▶ [ACTIVITY]:
Exclude the pictures and reproduce the remaining data exactly as written.

▶ [GIVEN MATERIAL]:
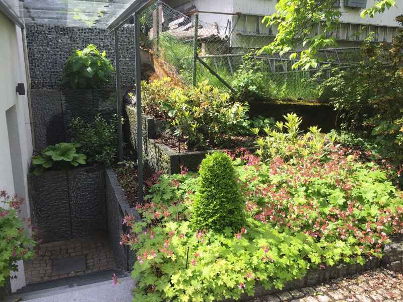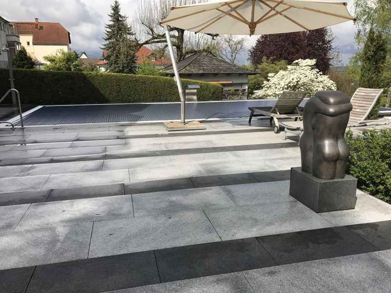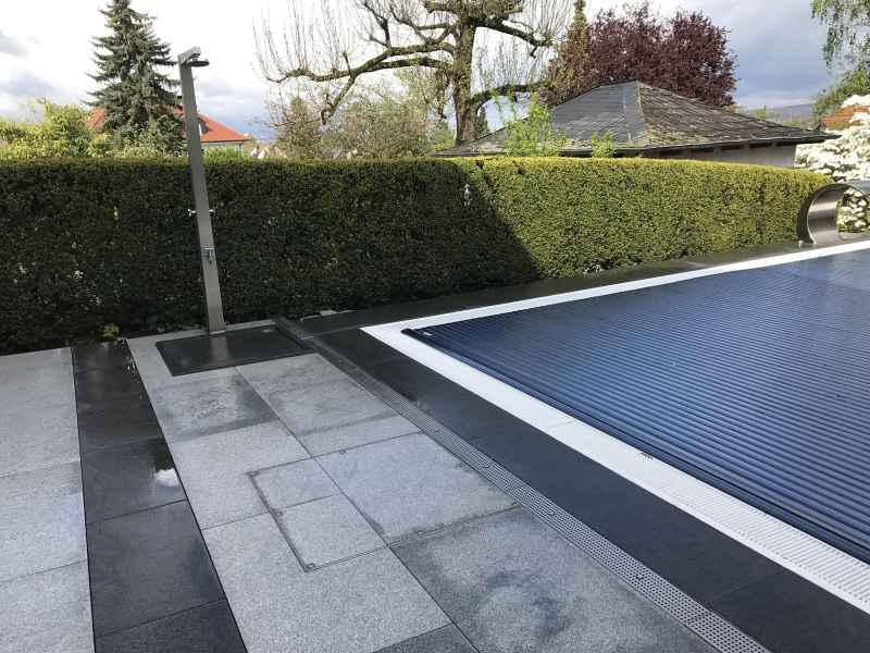Umgestaltung einer Rasen- und Pflanzfläche, entstanden ist eine Wohlfühloase mit Terrassen, Dusche und Pool
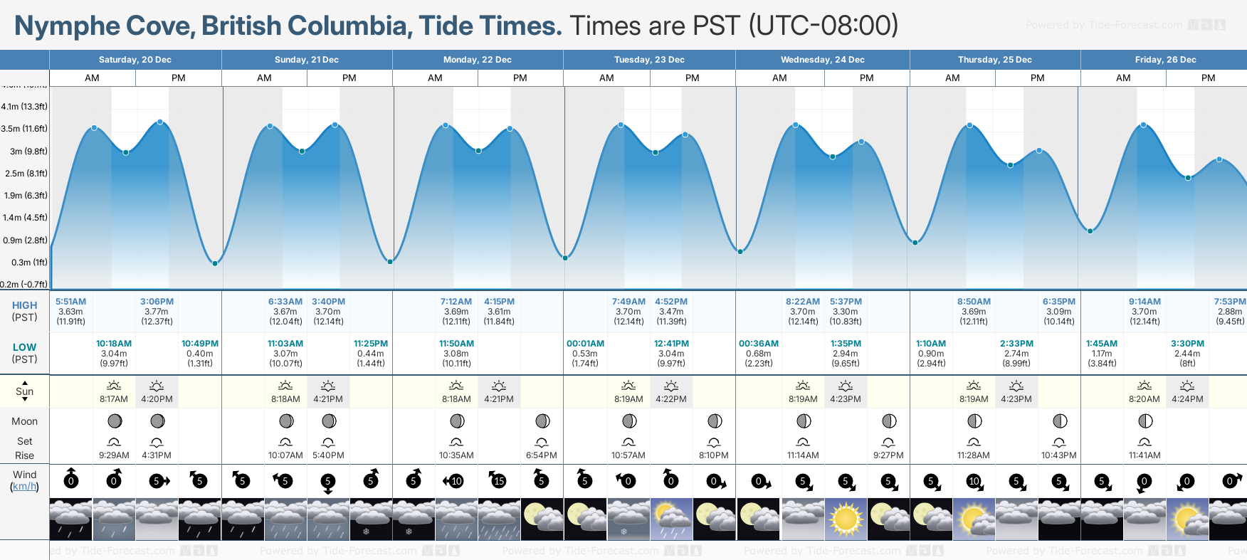 Tide Times are PST (UTC -8.0hrs). Last Spring High Tide at Nymphe Cove was on Sun 14 Dec (height: 3.94m 12.9ft). Next high Spring Tide at Nymphe Cove will be on Mon 22 Dec (height: 3.70m 12.1ft).
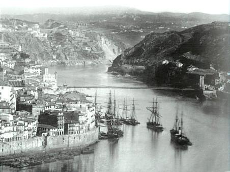 Quando os grandes veleiros vinham descagar o carvão e o bacalhau ao cais da Ribeira. Ao lonje ainda se pode ver a ponte pensil da qual só restam os pilares.

▶ [SOLUTION TO THIS TASK]:
Umgestaltung einer Rasen- und Pflanzfläche, entstanden ist eine Wohlfühloase mit Terrassen, Dusche und Pool
 Tide Times are PST (UTC -8.0hrs). Last Spring High Tide at Nymphe Cove was on Sun 14 Dec (height: 3.94m 12.9ft). Next high Spring Tide at Nymphe Cove will be on Mon 22 Dec (height: 3.70m 12.1ft).
 Quando os grandes veleiros vinham descagar o carvão e o bacalhau ao cais da Ribeira. Ao lonje ainda se pode ver a ponte pensil da qual só restam os pilares.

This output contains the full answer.